Role Type / Function Trend at IBM
Routine admin, back-office, HR tasks, verification, documentation Decreasing — many replaced by AI agents. (Al Jazeera)
Software engineering, development, cloud & AI services, quantum computing research Increasing — hiring more people in these technical domains. (mint)
Sales, marketing, client-facing and consulting roles Increasing — as business shifts to enterprise services, these human-centric skills remain essential. (mint)
Strategic decision-making, innovation, product development, human oversight Increasing — complexity of AI, regulatory aspects, customization demand human judgment, ethics, creativity. (The Verge)

💬 What Arvind Krishna Says (In His Own Words)

In a recent interview, Krishna emphasized that while IBM had used AI agents to replace “a couple hundred human-resources workers,” overall headcount went up. (mint)

He framed the move as a reallocation: using AI for “rote work,” while hiring people for “critical-thinking focused domains” — the kinds of tasks that face up or against other humans rather than mechanical processes. (mint)

Krishna argued that AI should augment human talent — not replace it wholesale. In his view, human expertise, creativity, ethics, and strategic thinking remain indispensable even in an AI-first world. (The Verge)

He also indicated a commitment to recruiting new graduates globally, positioning IBM as “the opposite” of firms that are laying off workers en masse. (The Times of India)

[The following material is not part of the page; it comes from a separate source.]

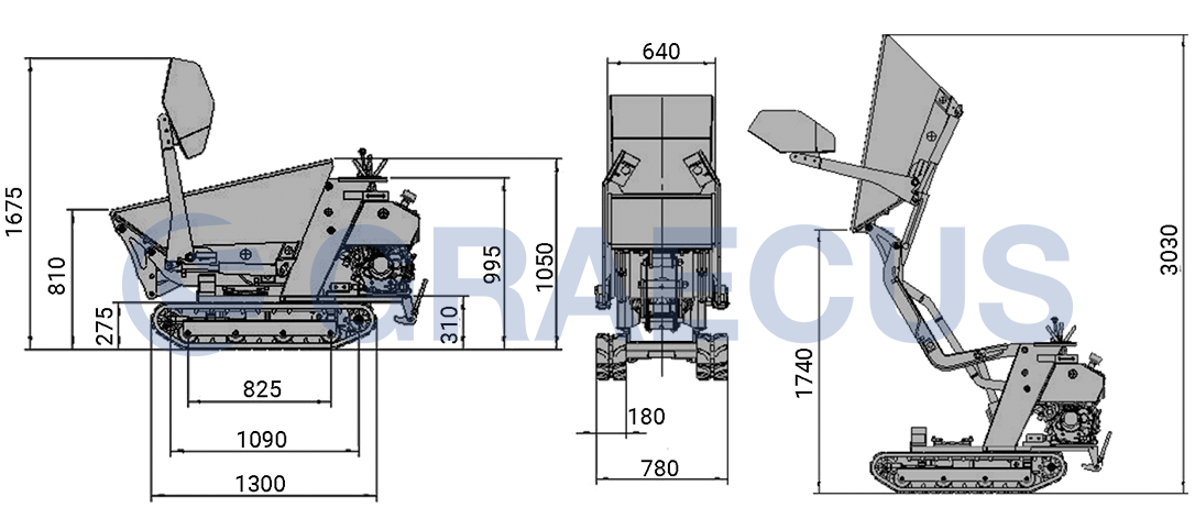 - Οι ερπύστριες επιτρέπουν τη χρήση του σε έως και 30% κλίση. Η ικανότητα φόρτωσης και μεταφοράς είναι 800kg.

 What This Means — And Why It Matters

  • The shift suggests that rather than AI erasing jobs across the board, what’s happening is a transformation of job types. Routine, rule-based tasks are automated — but demand for skilled, human-centric, high-value roles is growing.
  • For employees and job-seekers, it means skills matter more than ever: creativity, problem-solving, adaptability, domain-knowledge, AI-human collaboration — these are the traits that help you survive and thrive.
  • For organizations, it’s a cautionary tale against thinking of AI as a “fire-and-forget” cost-cutting tool. The most competitive companies will combine AI’s power with human judgment, and invest in people accordingly.
  • More broadly: the story of IBM under Krishna shows that AI doesn’t inevitably lead to mass unemployment — if used wisely, it can drive growth, innovation, new roles, and a reimagined human–machine workforce.

 My Take (Why I Think This Strategy Is Smart)

For a legacy tech firm like IBM — with decades of enterprise clients, global operations, services, consulting — replacing humans entirely with AI would probably backfire. Clients expect reliability, trust, adaptation, customization.

By using AI to streamline what doesn’t require human intelligence — and hiring humans for what AI can’t do — IBM strikes a balance: efficient operations + human-led innovation. This hybrid path seems more sustainable long-term than pure automation or reckless layoffs.

Also: hiring new graduates and building human talent in AI, quantum, cloud — means IBM remains future-proof. It’s betting not just on AI, but on humans who know how to harness AI.

For workers, this model offers hope: yes, some jobs disappear — but new ones appear, often more challenging and meaningful.